| Records from a dataset |

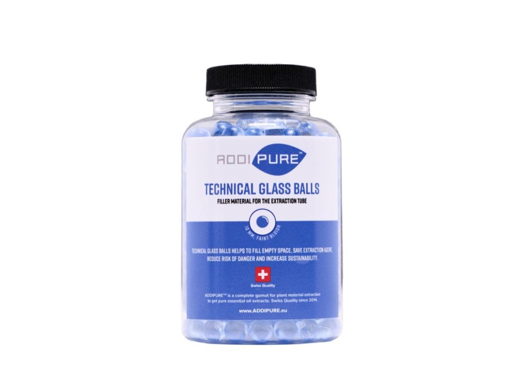 Technické skleněné kuličky se používají jako plnicí materiál pro extraktory Addipure, pokud není k dispozici dostatek rostlinného materiálu k extrakci.
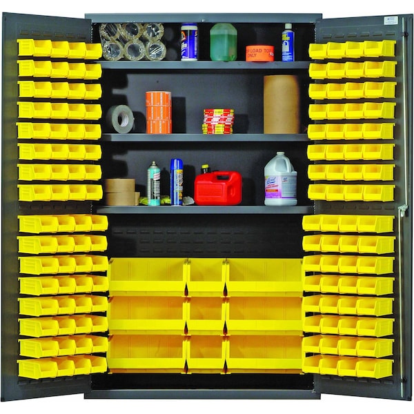 Heavy-Duty 48'' Bin Cabinet, 48''W x 24''D x 78''H, 400 lb. capacity per interior shelf, 14 gauge all welded construction, includes: 3 adjustable shelves, 64 QUS210, 64 QUS220, 3 QUS240 and 6 QUS250 yellow bins, gray powder-coated finish
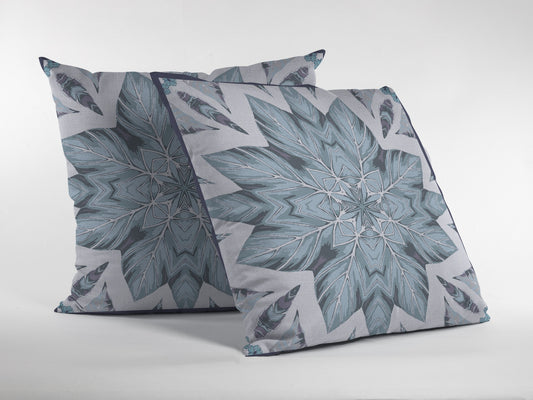 16" Blue Gray Floral Suede Throw Pillow
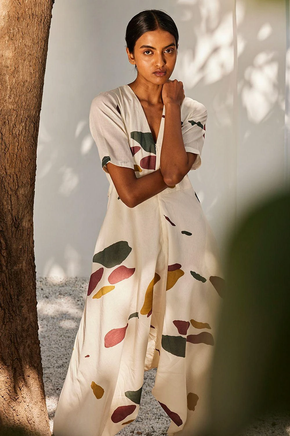 Step into elegance with this ecru terracotta print jumpsuit. A concealed zipper, attached lining, and stylish half sleeves make this a must-have for your sophisticated wardrobe.
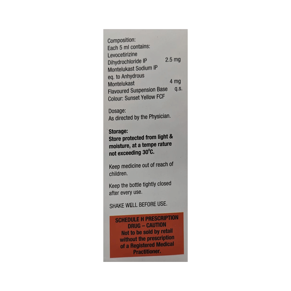 Salt Composition: Levocetirizine (2.5mg/5ml) + Montelukast (4mg/5ml)
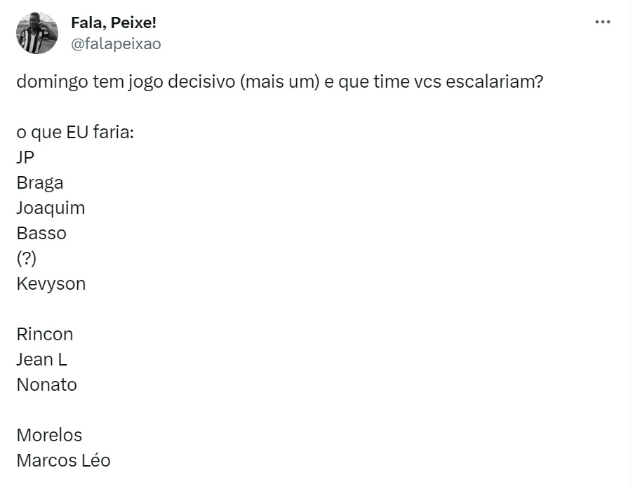 Para a vaga de Lucas Lima, os torcedores do Santos pedem a escalação de Nonato. O camisa 7 santista não é meia armador, mas o Peixe não tem outro meia de origem no elenco para substituir Lucas Lima. No ataque, o pedido é para o colombiano Alfredo Morelos, que chegou ao Clube da Vila Belmiro recentemente, faça sua estreia como titular e atue ao lado de Marcos Leonardo (como pode ser visto nos tweets acima).

| WORK TASK |
The result should be the full set of entries above, restated exactly and without images.

| REPLY TO THE TASK |
 Technické skleněné kuličky se používají jako plnicí materiál pro extraktory Addipure, pokud není k dispozici dostatek rostlinného materiálu k extrakci.
 Heavy-Duty 48'' Bin Cabinet, 48''W x 24''D x 78''H, 400 lb. capacity per interior shelf, 14 gauge all welded construction, includes: 3 adjustable shelves, 64 QUS210, 64 QUS220, 3 QUS240 and 6 QUS250 yellow bins, gray powder-coated finish
 16" Blue Gray Floral Suede Throw Pillow
 Step into elegance with this ecru terracotta print jumpsuit. A concealed zipper, attached lining, and stylish half sleeves make this a must-have for your sophisticated wardrobe.
 Salt Composition: Levocetirizine (2.5mg/5ml) + Montelukast (4mg/5ml)
 Para a vaga de Lucas Lima, os torcedores do Santos pedem a escalação de Nonato. O camisa 7 santista não é meia armador, mas o Peixe não tem outro meia de origem no elenco para substituir Lucas Lima. No ataque, o pedido é para o colombiano Alfredo Morelos, que chegou ao Clube da Vila Belmiro recentemente, faça sua estreia como titular e atue ao lado de Marcos Leonardo (como pode ser visto nos tweets acima).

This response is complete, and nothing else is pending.